= Task goal =
Nothing but the lines from the one with "Embroidery Work |" down to the one with "永州市中心医院关于太阳成集团tyc33455cc医学人才培养评价" should be returned, exactly and with both ends included, from the material below.

= Listed records =
================================

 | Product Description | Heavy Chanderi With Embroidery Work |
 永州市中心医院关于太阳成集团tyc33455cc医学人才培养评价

================================

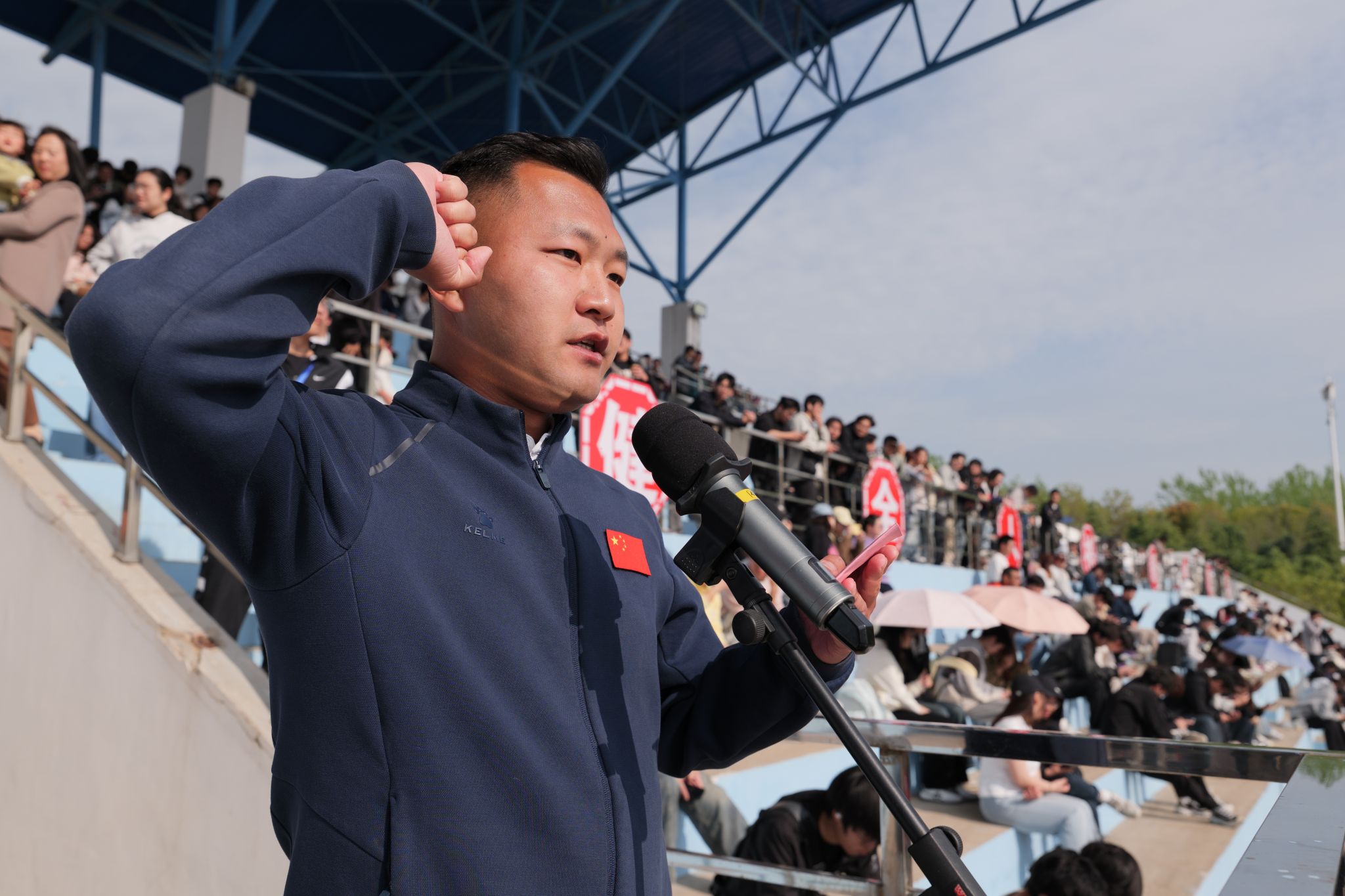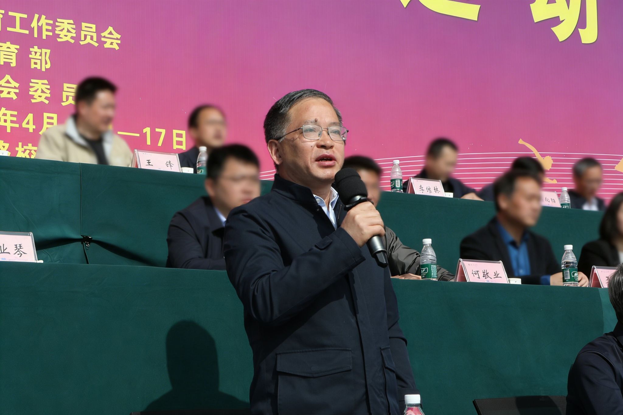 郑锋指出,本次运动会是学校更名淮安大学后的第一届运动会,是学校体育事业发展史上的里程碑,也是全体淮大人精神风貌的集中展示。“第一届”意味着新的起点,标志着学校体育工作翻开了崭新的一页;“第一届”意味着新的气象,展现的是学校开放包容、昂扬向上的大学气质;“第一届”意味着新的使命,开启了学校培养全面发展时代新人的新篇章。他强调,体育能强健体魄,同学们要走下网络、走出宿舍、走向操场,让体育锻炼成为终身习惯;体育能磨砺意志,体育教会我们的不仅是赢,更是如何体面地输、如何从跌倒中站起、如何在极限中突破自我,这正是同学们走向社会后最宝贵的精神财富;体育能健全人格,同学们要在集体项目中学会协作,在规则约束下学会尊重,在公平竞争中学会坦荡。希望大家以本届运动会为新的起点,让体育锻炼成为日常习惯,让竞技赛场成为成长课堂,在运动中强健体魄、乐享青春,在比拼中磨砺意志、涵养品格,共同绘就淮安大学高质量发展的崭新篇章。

================================

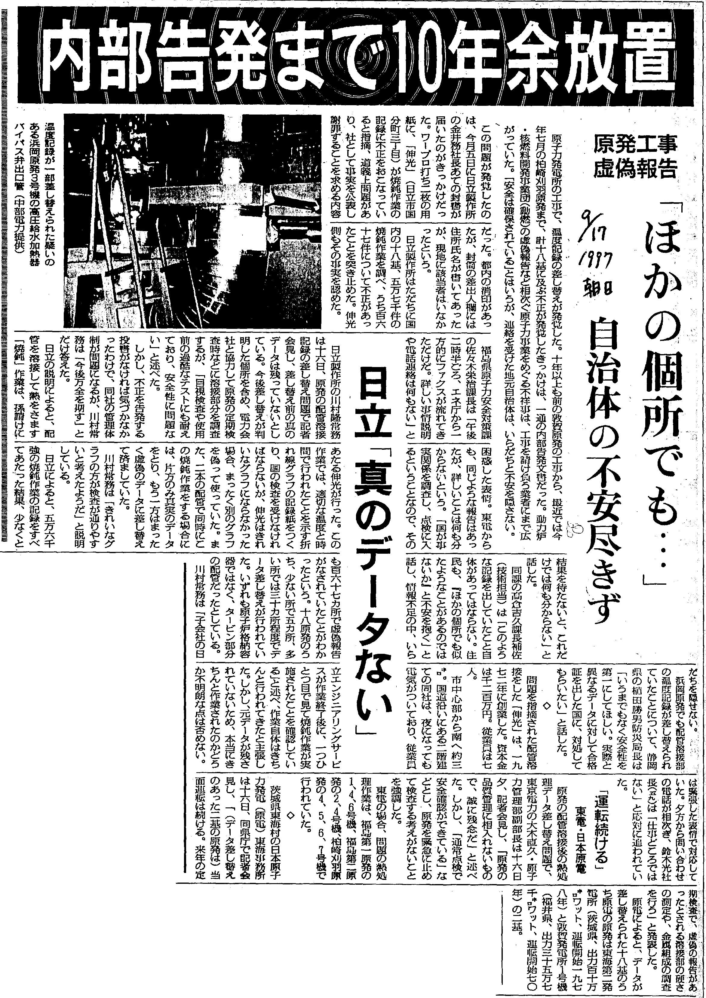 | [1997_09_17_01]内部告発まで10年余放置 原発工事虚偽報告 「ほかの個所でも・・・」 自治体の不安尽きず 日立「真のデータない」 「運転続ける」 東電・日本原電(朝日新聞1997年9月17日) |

================================

= Task result =
 | Product Description | Heavy Chanderi With Embroidery Work |
 永州市中心医院关于太阳成集团tyc33455cc医学人才培养评价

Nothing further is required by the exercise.